++++ Data supplied ++++

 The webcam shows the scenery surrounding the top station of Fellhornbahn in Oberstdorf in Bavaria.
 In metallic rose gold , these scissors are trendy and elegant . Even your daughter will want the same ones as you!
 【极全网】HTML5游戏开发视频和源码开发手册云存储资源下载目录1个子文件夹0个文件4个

++++
++++ Data supplied ++++

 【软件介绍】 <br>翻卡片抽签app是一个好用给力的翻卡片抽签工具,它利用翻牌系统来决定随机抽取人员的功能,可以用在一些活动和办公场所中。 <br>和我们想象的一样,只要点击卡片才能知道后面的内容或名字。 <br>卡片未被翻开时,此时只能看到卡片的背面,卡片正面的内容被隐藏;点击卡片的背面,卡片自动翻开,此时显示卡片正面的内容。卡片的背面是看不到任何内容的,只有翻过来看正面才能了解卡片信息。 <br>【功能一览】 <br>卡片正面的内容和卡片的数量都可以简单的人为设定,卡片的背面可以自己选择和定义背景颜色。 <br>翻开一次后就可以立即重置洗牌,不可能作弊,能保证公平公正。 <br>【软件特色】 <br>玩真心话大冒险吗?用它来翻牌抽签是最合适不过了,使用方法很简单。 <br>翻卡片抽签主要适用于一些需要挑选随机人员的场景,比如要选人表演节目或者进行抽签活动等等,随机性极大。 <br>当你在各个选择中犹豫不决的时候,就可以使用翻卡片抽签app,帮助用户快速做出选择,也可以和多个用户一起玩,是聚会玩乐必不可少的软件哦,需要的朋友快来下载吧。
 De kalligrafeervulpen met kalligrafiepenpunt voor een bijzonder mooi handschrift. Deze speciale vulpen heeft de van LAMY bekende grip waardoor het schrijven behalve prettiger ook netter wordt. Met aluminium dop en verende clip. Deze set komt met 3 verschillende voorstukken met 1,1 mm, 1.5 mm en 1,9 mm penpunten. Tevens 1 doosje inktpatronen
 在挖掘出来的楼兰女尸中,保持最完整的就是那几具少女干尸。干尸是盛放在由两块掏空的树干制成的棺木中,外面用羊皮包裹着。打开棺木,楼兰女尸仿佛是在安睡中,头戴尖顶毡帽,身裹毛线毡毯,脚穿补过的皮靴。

++++
++++ Data supplied ++++

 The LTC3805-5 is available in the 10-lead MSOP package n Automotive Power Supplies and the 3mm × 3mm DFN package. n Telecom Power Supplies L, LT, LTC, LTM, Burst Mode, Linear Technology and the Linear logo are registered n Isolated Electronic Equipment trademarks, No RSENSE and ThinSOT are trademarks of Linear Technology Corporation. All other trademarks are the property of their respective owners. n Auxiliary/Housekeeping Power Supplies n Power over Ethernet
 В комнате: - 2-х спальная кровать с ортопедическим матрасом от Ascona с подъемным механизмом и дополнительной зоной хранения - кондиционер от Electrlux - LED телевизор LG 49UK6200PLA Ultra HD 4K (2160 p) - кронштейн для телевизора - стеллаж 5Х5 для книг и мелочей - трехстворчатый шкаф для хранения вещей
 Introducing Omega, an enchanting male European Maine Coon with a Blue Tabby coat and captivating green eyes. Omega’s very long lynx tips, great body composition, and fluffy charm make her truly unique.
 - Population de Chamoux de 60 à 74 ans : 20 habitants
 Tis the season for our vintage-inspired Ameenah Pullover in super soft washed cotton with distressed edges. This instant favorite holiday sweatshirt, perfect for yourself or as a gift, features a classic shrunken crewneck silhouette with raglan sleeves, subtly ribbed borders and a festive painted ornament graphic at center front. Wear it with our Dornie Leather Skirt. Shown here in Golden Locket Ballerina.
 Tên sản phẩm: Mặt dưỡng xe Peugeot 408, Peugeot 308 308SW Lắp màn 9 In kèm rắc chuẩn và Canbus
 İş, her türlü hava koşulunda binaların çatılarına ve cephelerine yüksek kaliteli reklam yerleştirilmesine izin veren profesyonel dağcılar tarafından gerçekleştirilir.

++++

* Task to carry out
Whenever the word "with" occurs in a line of the records, that line counts toward the total; state the total only.

* Finished exercise
2